Vladimír Coufal (; born 22 August 1992) is a Czech professional footballer who plays as a defender for Premier League club West Ham United and the Czech Republic national team. He has previously played for Bílovec, Hlučín, Opava, Slovan Liberec and Slavia Prague.

Club career
Coufal began his career at local club Baník Ostrava, playing in the club's academy, before being released at the age of 17 as he was considered to be too small. In 2009, following his release from Baník Ostrava, Coufal joined amateur club ŠSK Bílovec. He believed Banik had destroyed his opportunity to become a professional footballer and described his time with Bílovec as playing "with 40-year-old men. These guys played for sausages and beer after the game, just to drink after work".

Hlučín 
Coufal began his professional career with Hlučín, making his debut against Dukla Prague in September 2010 in 2. Liga just after his 18th birthday. During the 2010–11 season, Coufal made 14 appearances for the club.

Opava (loan) 
Coufal spent the 2011–12 season on loan with 2. Liga club Opava where he made 13 appearances and scored one goal for the club.

Slovan Liberec 
After impressing in the second division with Hlučín and Opava, Coufal was signed by Czech First League club Slovan Liberec in 2012, following a trial with Sparta Prague, who saw Coufal as a replacement for the outgoing Ondřej Kušnír, who had joined Liberec himself in the summer of 2012. Despite playing for Sparta Prague in a pre-season friendly against Viktoria Žižkov, Sparta opted to sign Pablo Gil over Coufal.

During his first season with Liberec, Coufal played in ten league games. In his second season with the team, the 2013–14 season, Coufal became a regular for the team featuring in 21 matches. Over the next three seasons, Coufal played consistently, making 57 league appearances, with a further 8 cup appearances, for Liberec.

Coufal's last season for Liberec, was arguably his most impressive.

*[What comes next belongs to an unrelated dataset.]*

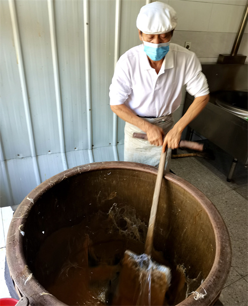 “熬糖稀非常講究,糖稀熬老了就拉不出形狀,糖稀熬嫩了吃起來(lái)就會(huì)粘牙。這個(gè)火候我們是通過(guò)三代人摸索傳承下來(lái)的,我現(xiàn)在基本上一看一瞧就知道火候。”說(shuō)起大扁糖制作工序,徐昌俠如數(shù)家珍。徐昌俠追溯到他的爺爺徐世榮、父親徐榮興,到他這里,已經(jīng)有一百多年歷史。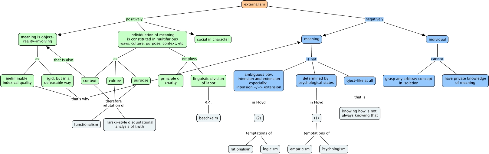 floyd-putnams_MoM, context therefore refutation of Tarski-style disquotational analysis of truth, (1) temptations of empiricism, externalism positively meaning is object- reality-involving, individuation of meaning is constituted in multifarious ways: culture, purpose, context, etc. employs linguistic division of labor, meaning is not oject-like at all, (2) temptations of logicism, context therefore refutation of functionalism, ambiguous btw. intension and extension especially: intension -/-> extension in Floyd (2), linguistic division of labor e.g. beech/elm, externalism positively individuation of meaning is constituted in multifarious ways: culture, purpose, context, etc.

He made 30 appearances for the club and scored two goals, these performances also earned him a call up and debut to the Czech national team. Coufal was with the Slovan Liberec for six seasons, making more than 150 appearances and playing in the team which won the Czech Cup in 2015. During Coufal's time at Liberec, he was made club captain.

SK Slavia Prague 
Coufal's impressive displays at Slovan Liberec earned him a move to one of the Czech Republic's largest clubs, Slavia Prague, following protracted interest from rivals Sparta Prague. On 1 July 2018, Coufal joined Slavia Prague on a three-year contract, for a reported fee of 18 million Kč. Upon his move to Slavia Prague, Coufal was reunited with manager Jindřich Trpišovský, with whom he played under at Slovan Liberec.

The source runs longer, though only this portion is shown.